Students at Roman villa project help unearth 2,000-year-old artifacts

Students at an outdoor archeological dig.

McMaster and Saint Mary’s students excavate a room at the back of the Villa di Tito. (Dept of Classics photo)


The ruins of a Roman villa in Italy’s Velino Valley, about 80 km northeast of Rome, may hold important clues to early first-century CE life in the region. At least, that’s what the Villa di Tito Archeological Project is hoping to find out.

Led by the chair of McMaster’s classics department, Martin Beckmann, and Myles McCallum of St. Mary’s University (SMU) in Halifax, the excavation project began in 2018 but went on hiatus during the COVID-19 pandemic.

This summer, Beckmann, McCallum and students from both McMaster and SMU travelled back to Italy to pick up where they left off — carefully digging and sifting centuries of earth and uncovering both the artifacts and architecture that hold fascinating clues to the community in and around the site.

No one definitively knows who owned the villa, but local tradition says that it belonged to Titus, the eldest son of the emperor Vespasian, whose family owned property in the area.

And while the villa, which has views of the Via Salaria and Lake Cutilia, was undoubtedly constructed for the Roman elite, the excavation’s most interesting finds shed light on the lives of the labourers, servants and slaves who made life at the villa run smoothly for its elite occupants.
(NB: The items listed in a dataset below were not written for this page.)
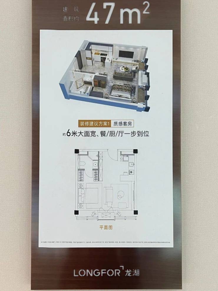 龙湖天曜星座层高10层,相比市面上常见的公寓得房率更高,虽然面积只有47平,但开间约6米,而且空间灵动可以做成双钥匙,做两间出租。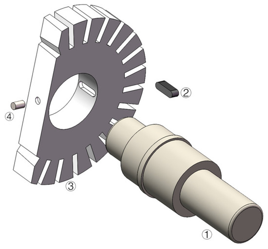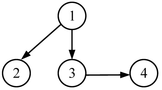 Figure 1 illustrates a 3D model of a partial structure of a gear transmission device, which comprises four parts. It can be observed that, once the shaft (1) is removed, the key (2) or the flywheel (3) can be taken out. After the flywheel (3) is removed, the counterweight (4) can be disassembled, completing the entire disassembly process. Its disassembly-precedence graph is shown in Figure 2. In Figure 2, disassembly tasks 1, 2, 3, and 4 constitute the basic disassembly unit set. There are clear precedence constraints between tasks 1 and 2, tasks 1 and 3, and tasks 3 and 4; these relationships are represented by the directed edge set. For example, task 1 must be completed before task 2, the start of task 3 depends on the completion of task 1, and task 4 needs to be carried out after task 3.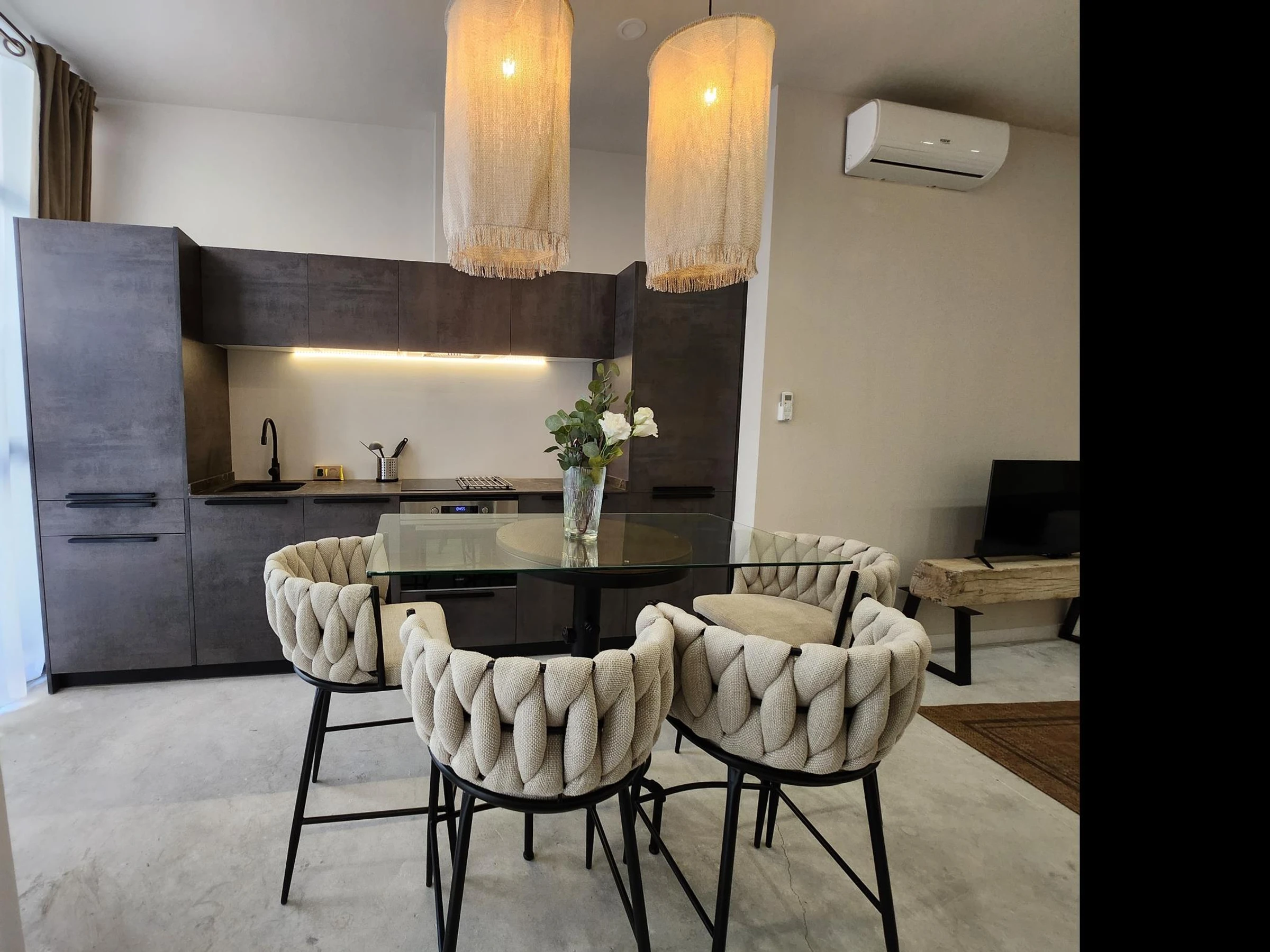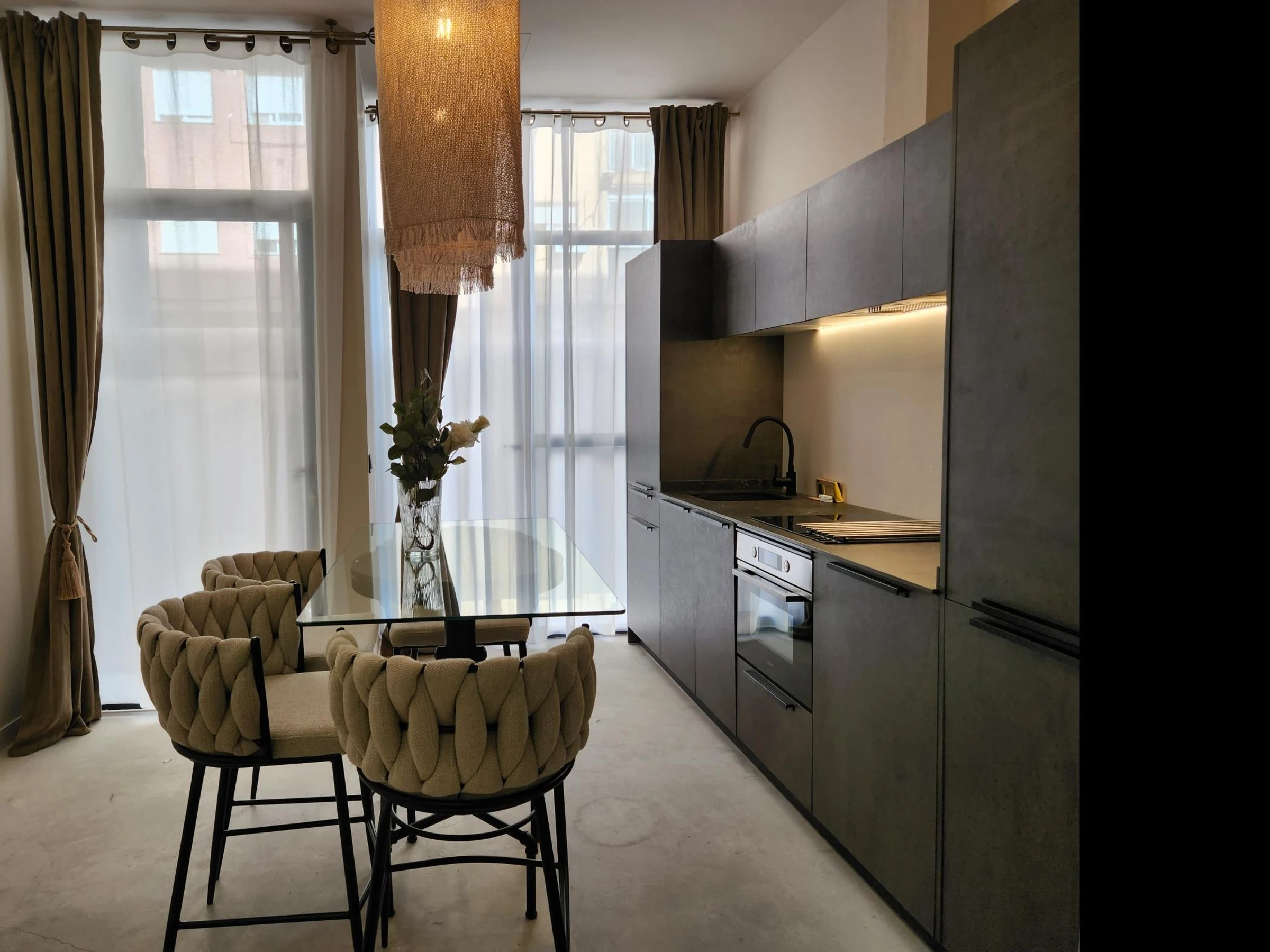 Entdecken Sie dieses spektakuläre Studio im Erdgeschoss – ein modernes, helles und geschmackvoll eingerichtetes Apartment, das Stil und Komfort vereint. Das Studio verfügt über eine voll ausgestattete Küche und ein Badezimmer und bietet Ihnen alles, was Sie für einen angenehmen und komfortablen Aufenthalt benötigen.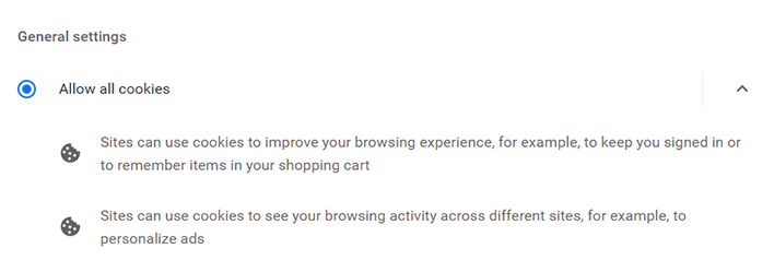 Rul ned, og vælg Tillad alle cookies

Much of the superstructure of the villa has been destroyed over the centuries, but what remains includes a series of rooms at the back of the building — one monumental, and the others utilitarian — and a number of large chambers once used for processing and storing agricultural produce.

In 2022, the team made several discoveries in one large room, which was divided into two sections — although all that remained of the walls was the plaster that covered them and the nails that held the room’s wooden beams together.
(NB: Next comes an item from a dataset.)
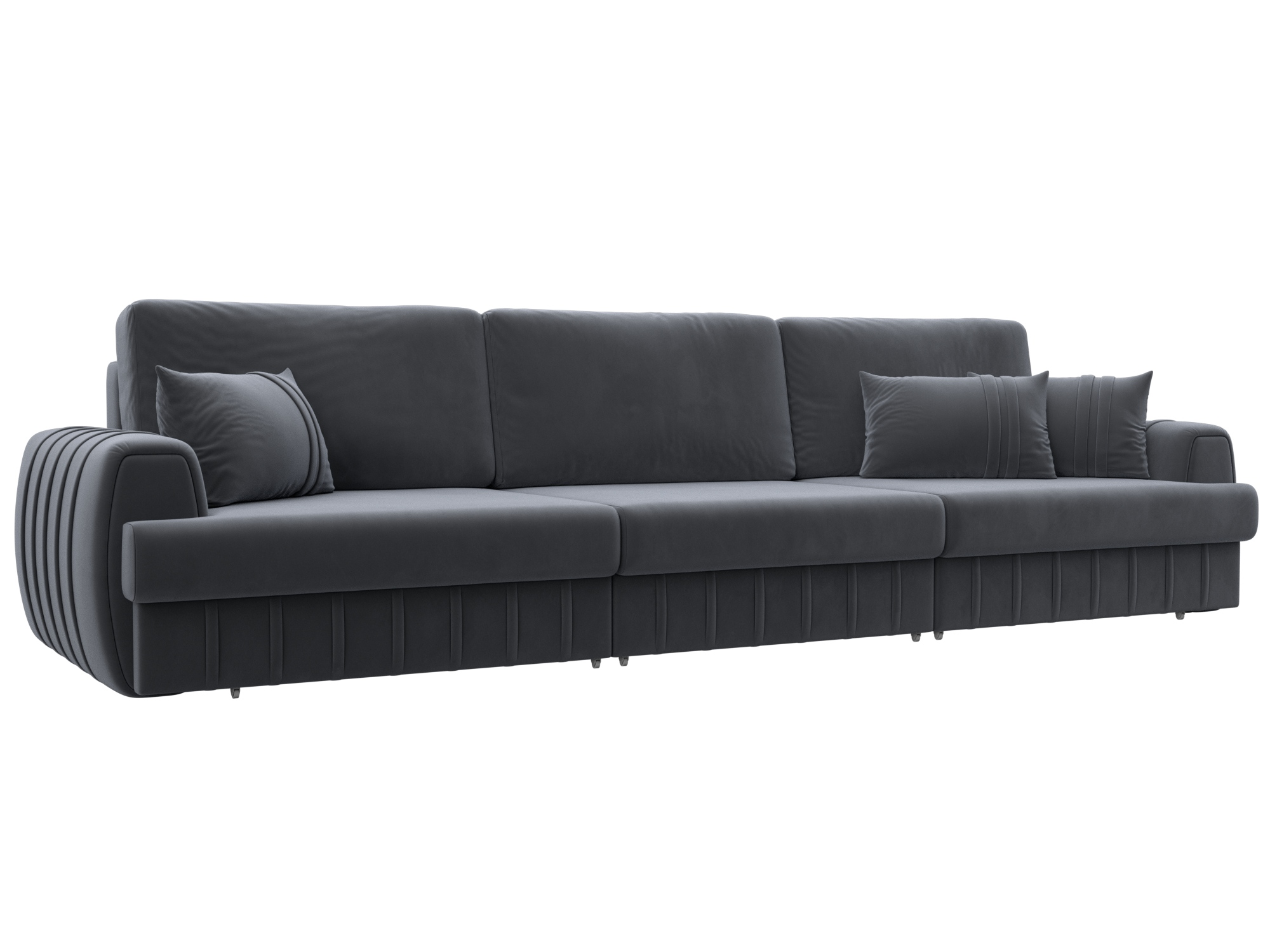 Диван прямой Лига-057 НПБ Лонг, SEVEN 17 серый, Велюр

A group photo of about 15 people smiling outdoors
McMaster and Saint Mary’s students at the Villa di Tito.

Soot-blackened cooking vessels indicated that one part of the room was used for cooking, while two amphorae suggested that the other side was used for storage.

Even more interesting was what the team discovered in a sealed-off well that dated from before the villa was built. The builders of the villa filled in the well and built a wall and floor above it — but not before placing a number of ritual items in it, including the remains of a piglet, a ceramic lamp, a silvered bronze mirror that had been ritually broken, a large bronze ring, and a coin of the emperor Augustus.
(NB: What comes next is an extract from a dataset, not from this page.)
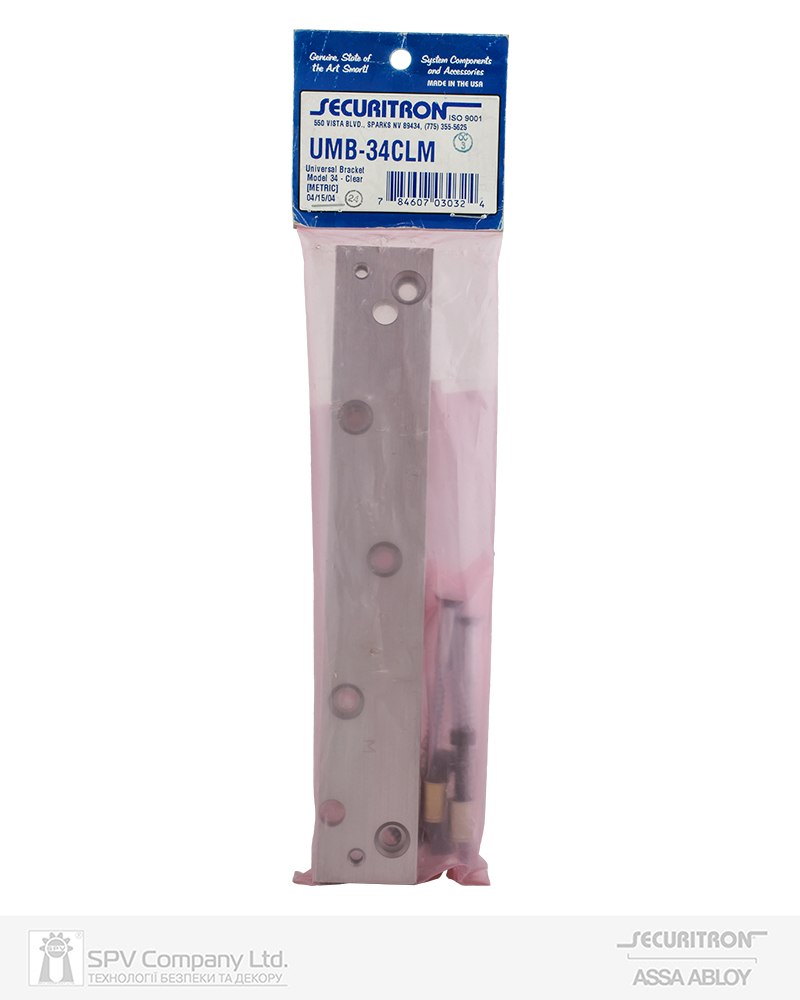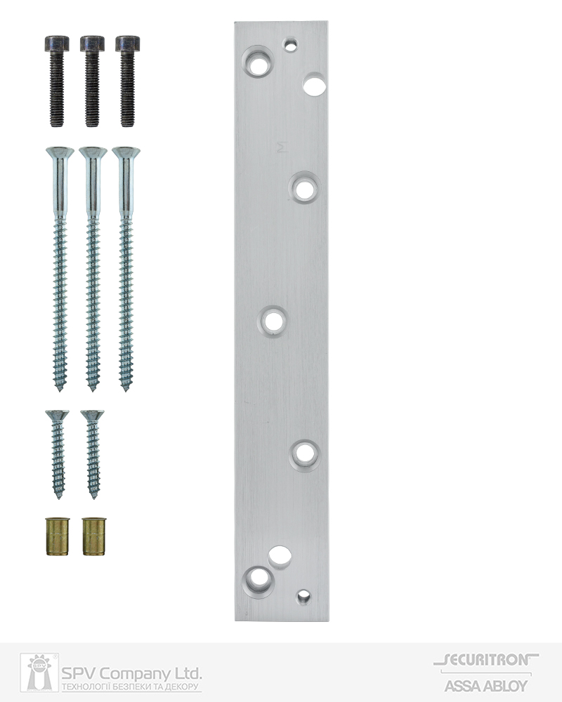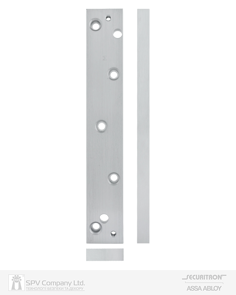 Монтажна пластина до замка Securitron M34 для монтажу на алюмінієві, залізобетонні або дерев'яні дверні рами. Використовується коли необхідно опустити замок нижче. Має преднарізані отвори для кріплення замка

Read about another Department of Classics archeological excavation in Return to Metaponto

In total, six McMaster students participated in the project: graduate student Robyn Bachmeier, who wrote her MA thesis on the coins found in the villa during the 2019 excavations, and MA student Melissa Choloniuk, who also participated in the 2019 trip; and undergraduates Adam Boccia (classics), Julia Miller (classics), Tara Simeunovic (computer science) and Rosalie Swenor (mathematics).

For Boccia, participating in the excavation was the perfect fuel for his interest in classics.

“Working hands-on and learning about these historical landmarks in person is very different from learning about them through a lecture or a book,” he says.

“By participating in this field school, I was allowed to witness the unearthing of ancient history firsthand, based on the many artifacts we found, as well as reaching some floor areas that the Romans themselves walked on. It was an unforgettable learning experience.”